Although your exterior does not reveal it, you are extremely sensitive. In some cases, your rather austere and rigid behavior and refusal to yield too readily to sentimentality discourage others from being too demonstrative of their tenderness and affection. You have spells of melancholy in which you do not feel worthy of being loved and tend to forbid yourself emotional fulfillment. An austere or somewhat traumatic childhood experience may be the source of this behavior. It is difficult for your inner self to be detached from this past life, and you sometimes have trouble reconciling the image you have of yourself as an adult with the one you acquired back then. The idea you have of yourself as an individual is related to the image your parents projected onto you as a child. Nevertheless, the past is history, and you are now an adult. It should be easy for you to rid yourself of these phantoms through self-work. You have the ability to overcome your mistakes and great endurance and will power to achieve your goals. However, you must not repress your sensitivity in order to succeed.

Alexis Oakley tries to gain approval from others by showing that she is worthy of their affection. Nevertheless, her pessimism remains, and the severe taboos she unconsciously places on herself sometimes keep her from developing quickly.

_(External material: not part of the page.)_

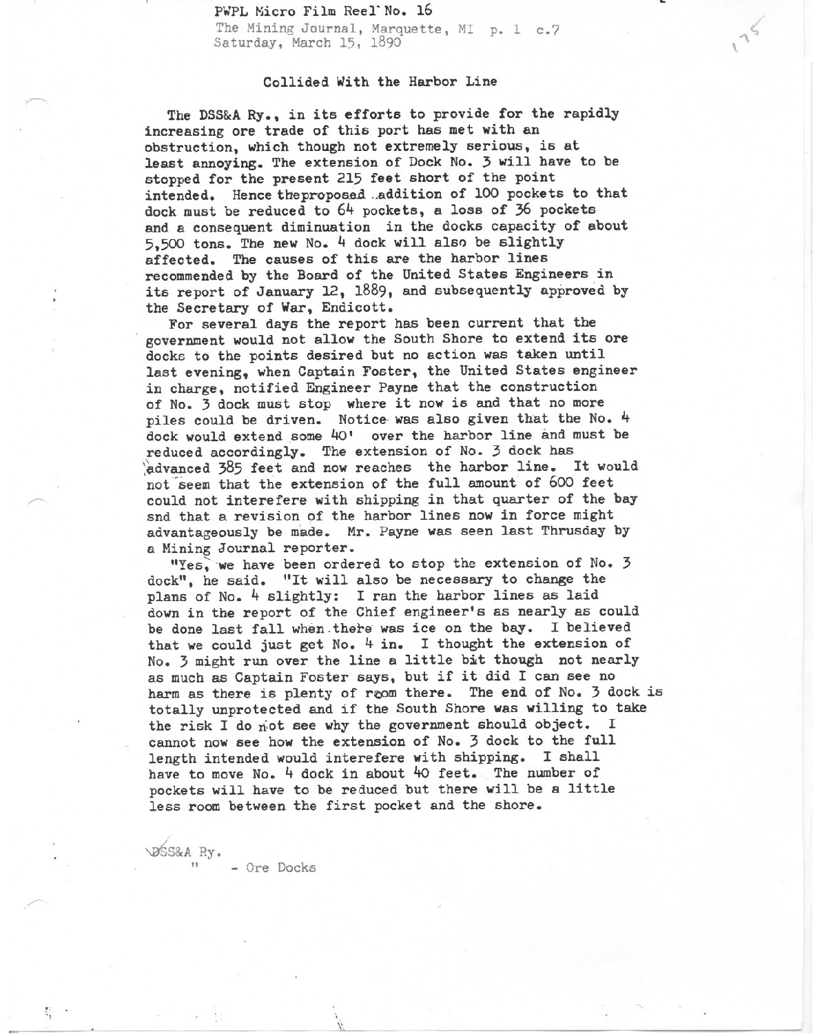 The DSS&A Railroad in its effects to prive for the rapidly increasing ore trade of this port has met with an obstruction, which through not extremely serious is at least annoying.

Alexis Oakley is sometimes afraid to love. The world of her feelings is characterized by a certain chill and restraint. But she is not unfeeling; on the contrary, her sensitivity is so delicate that she is careful to protect it. Her determination to maintain control of her feelings and force her emotions to obey the laws of reason may stand in the way of intimacy and joy.

Alexis Oakley’s birth chart indicates that she has an emotional function which is usually expressed carefully and reasonably. She distrusts her emotional urges and tends to be wary of her feelings, trying to rid herself of all partiality and get some perspective and distance before making an emotional commitment.

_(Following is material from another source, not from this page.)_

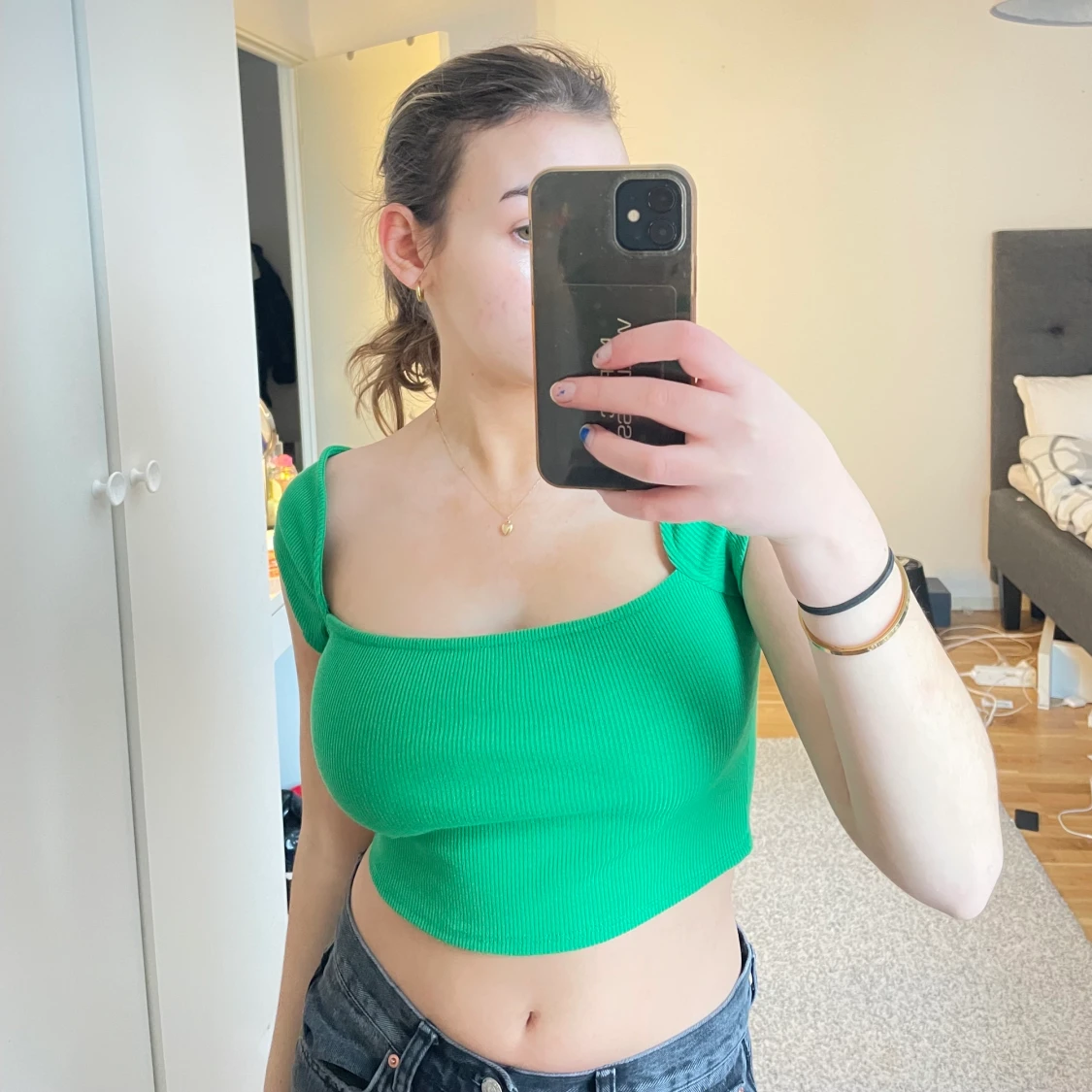 Jättesöt grön topp från shein, endast använd en gång då den nu är för liten! Jättefin att ha till allt möjligt😍

Alexis Oakley is a person who is comfortable in the workplace but not so much in love. Her desire to progress and her taste for power give her wings, but she knows that she can’t stay repressed indefinitely and that she will only be truly happy if she has an intimate bond with someone.

Alexis Oakley is sensible and level-headed on the outside, but on the inside she dreams of a devoted admirer who will carry her off, far from home and who, most of all, will cure her latent emotional depression. But real life is more mundane and she may end up with a partner who won’t share the burden of practical constraints and responsibilities and chases after adventure. Maturity will help her to make a second relationship a happier one.

Alexis Oakley has the fiery, importunate nature of a fervent lover. Indeed, affairs of the heart are one of her main purposes in life. Her personal charm and magnetism give her nearly irresistible powers of seduction, and nearly every one of her well-aimed attempts at conquest leads to the fulfillment and satisfaction of her desires. Due to her impulsiveness and impatience to initiate new encounters, her approach to members of the other sex may sometimes lack delicacy.

Alexis Oakley

Alexis Oakley tries to shun subjectivity and be as objective as possible. Her thoughts are usually structured, and her reasoning, based on objective facts or experience, usually relates to practical goals.

Alexis Oakley has a great deal of intuition but sometimes has problems organizing her thought processes and making an intellectual commitment. The concepts of boundary and structure are inimical to her mind, which is open and all-encompassing, premonitory, and web-like. Her thoughts may be verbally indeterminate, vague, and ill defined. She tends to understand or sense things globally, without always noticing their component parts. Usually, she can’t see the trees for the forest. In daily life, although her perceptions are lively and subtle, she may display a kind of absent-mindedness, out of a fear of annoying people with her shrewdness or of fighting to assert herself. Her imagination sometimes escapes from the confines of logic, cringing from a confrontation with reality. This unwillingness to face the real world may cause relationship or career challenges.